**What is expected**
Leaving the pictures out, print the lines from the first line of the listing through the line containing "First Dance Hosta", exactly as they read, and no others.
--- Material provided Enclosed Below ---
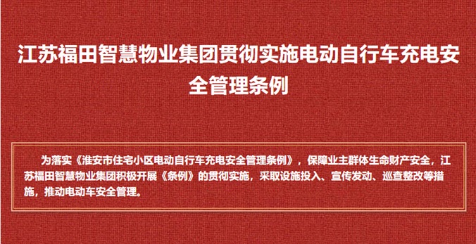 江苏福田智慧物业集团贯彻实施电动自行车充电安全管理条例
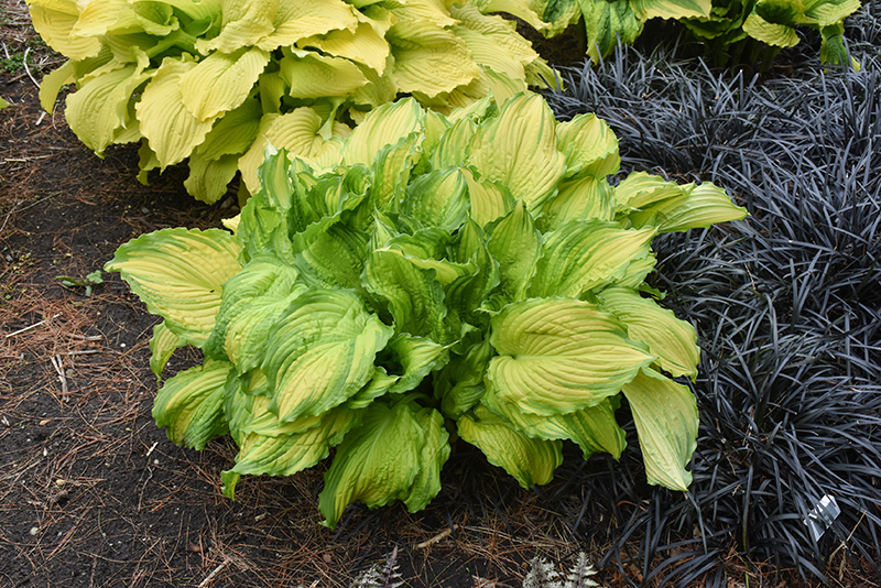 First Dance Hosta features dainty spikes of lavender tubular flowers rising above the foliage from mid to late summer. Its attractive textured heart-shaped leaves emerge yellow in spring, turning chartreuse in color with distinctive dark green edges and tinges of light green throughout the season.
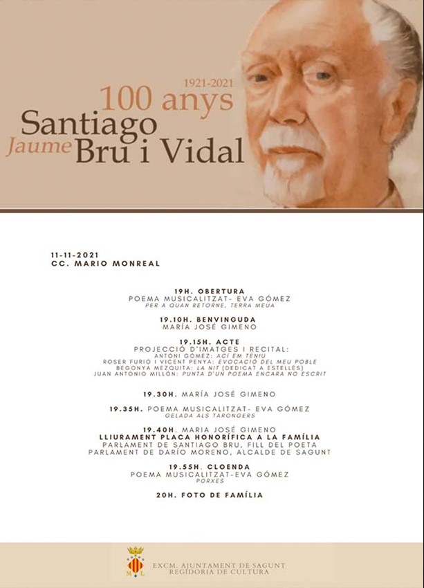 Dijous que ve, 11 de novembre, donaran principi les activitats i actes programats que s'han organitzat des de l'Ajuntament de Sagunt per honrar la memòria del cronista, historiador i poeta Santiago/Jaume Bru i Vidal l'any del centenari del seu naixement. Este dijous, coincidint amb l'aniversari de la seua defunció, es realitzarà un acte commemoratiu en el Centre Cultural Mario Monreal a les 19.00 hores, on es recordarà la seua persona i es recitaran els seus poemes.
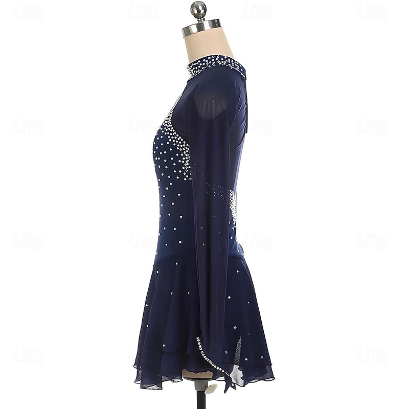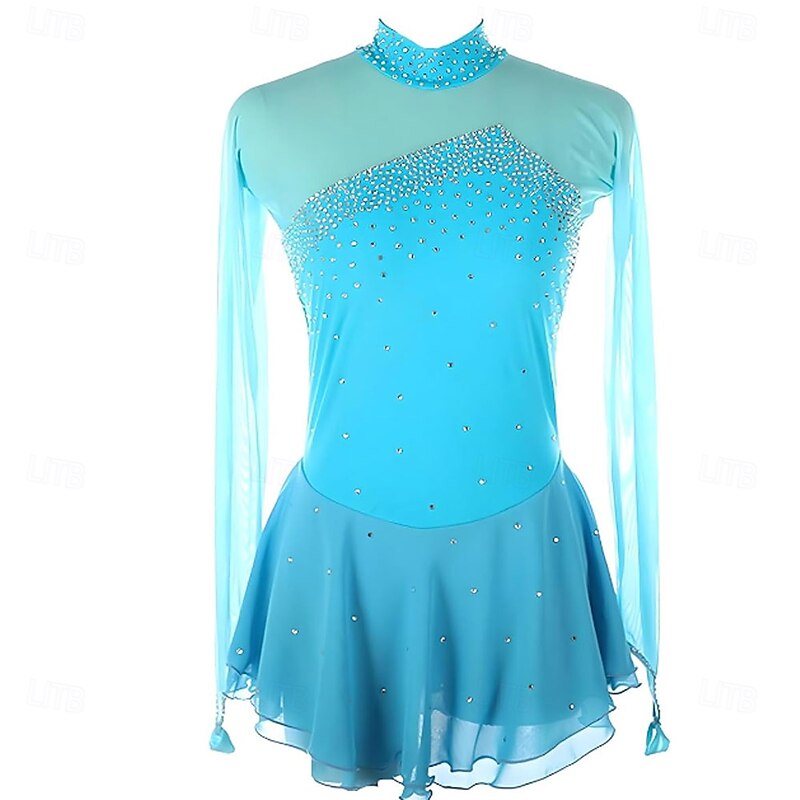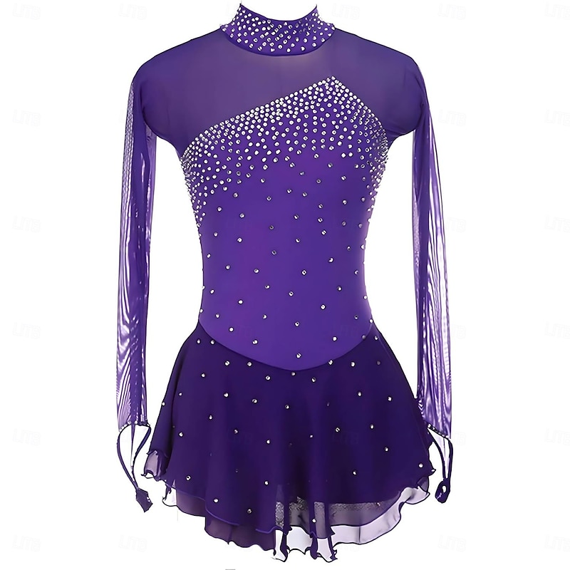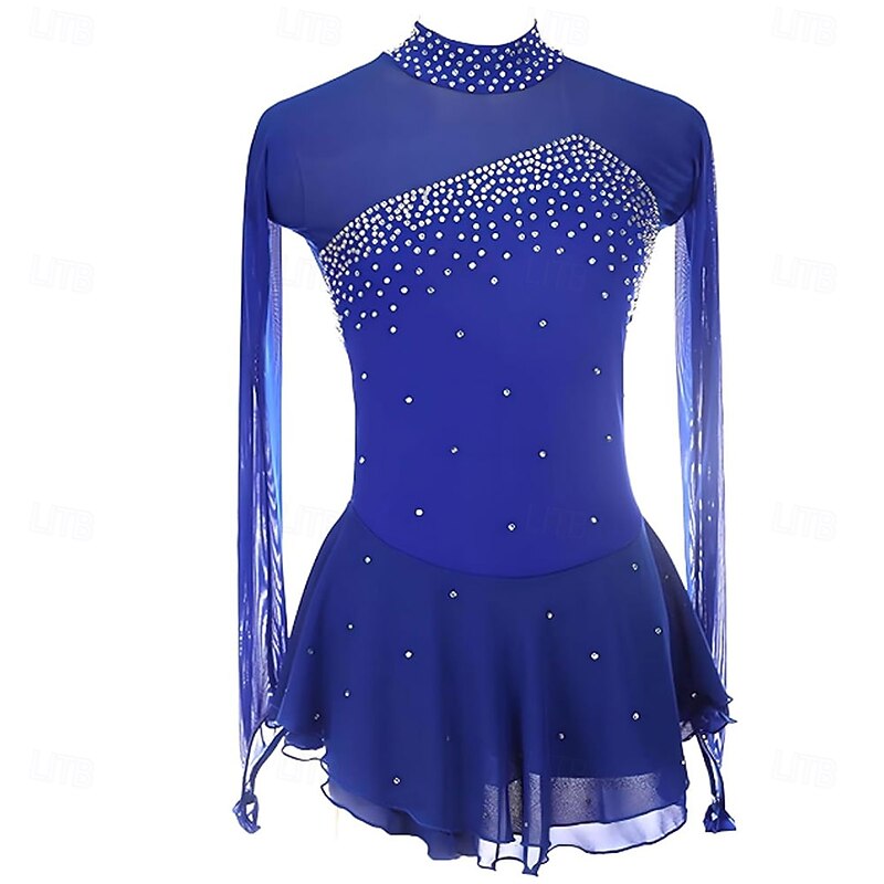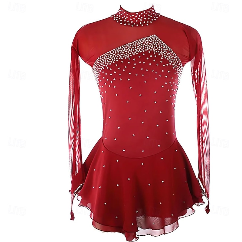 More information about Figure Skating Dress Mesh Rhinestone Turtleneck Long Sleeves Figure Skating Competition Performance Costume
--- End of Enclosed Material provided ---
**Written solution**
 江苏福田智慧物业集团贯彻实施电动自行车充电安全管理条例
 First Dance Hosta features dainty spikes of lavender tubular flowers rising above the foliage from mid to late summer. Its attractive textured heart-shaped leaves emerge yellow in spring, turning chartreuse in color with distinctive dark green edges and tinges of light green throughout the season.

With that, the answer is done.